I believe that it was Helmut Thielicke who told a story about visiting a parishioner in his mostly bombed out home after the war. The man was thankful for God’s mercy in having enough of his house bombed out that he didn’t have to take in any refugees who had nothing. He had official sanction from whatever authority there was to be free from any need to care for his neighbors because what was left of his house was not big enough.

We now have official sanction for not doing anything, at least not anything generous and reckless and exuberant.  We have sanction from Pastors and boards and other folks that we don’t have the resources to do much more than care for “our own” and we are not to sure we want to care for them either.  Try suggesting that we have door offerings for the poorer parishioners in our churches.  There will be talk about precedent and “real need”.  Then try suggesting we have a door offering to fix the roof.

There are voices out there that say the church is in crisis and we need to spend our money on preaching the Gospel.  We don’t have the resources to send money over seas to do mercy.

In a world where crisis are becoming chronic we have sanction to be left alone.  Our little piece of the world that is left to us is just enough that we don’t have to bother ourselves with “those people”.  The government will take care of it.  The Clinton Foundation will deal with it.  We can’t do anything in the church because we make it worse, and besides that money can go to preaching the Gospel. Of course I will be told that it is a matter of scale and nuance and that we are not being told to stop doing mercy, we are just being told not to spend any money on it, or build any structures, or do things that cannot be sustained.  Just don’t respond to chronic need as if it were a crisis seems to be a very common sense and useful message.  The problem with this is that Jesus would have no story about the rich man and Lazarus (Luke 16;19-31) if the rich man would have responded in any way, let alone as if Lazarus were in crisis.

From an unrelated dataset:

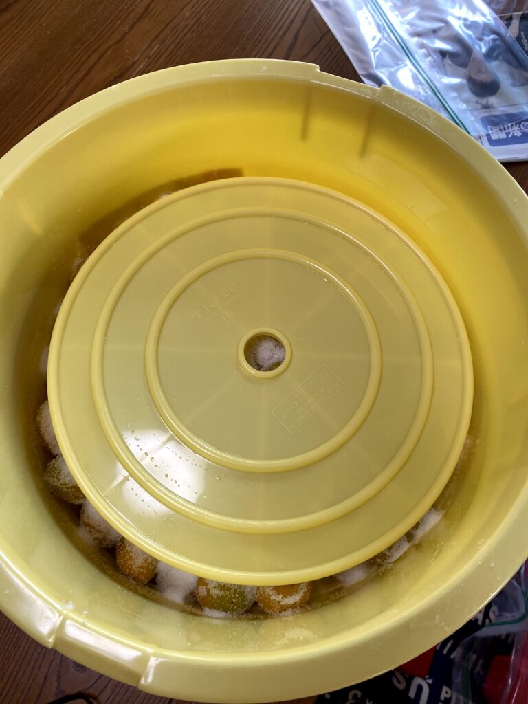 全部入れたら中蓋をして重石をのせます。重石は漬けた梅の2倍の重さが理想です。

In studying the cases against mercy I began to believe that mercy from an institutional viewpoint is “too expensive”.  There are other things that the church needs to spend money on.  We see it when the offerings begin to dwindle and we need to fix roofs and bell towers and basements.  We will be told that these are genuine “stewardship needs”.  Why are we spending money overseas when we need it here?  Better yet, why are we sending money overseas when we think we need to spend it here.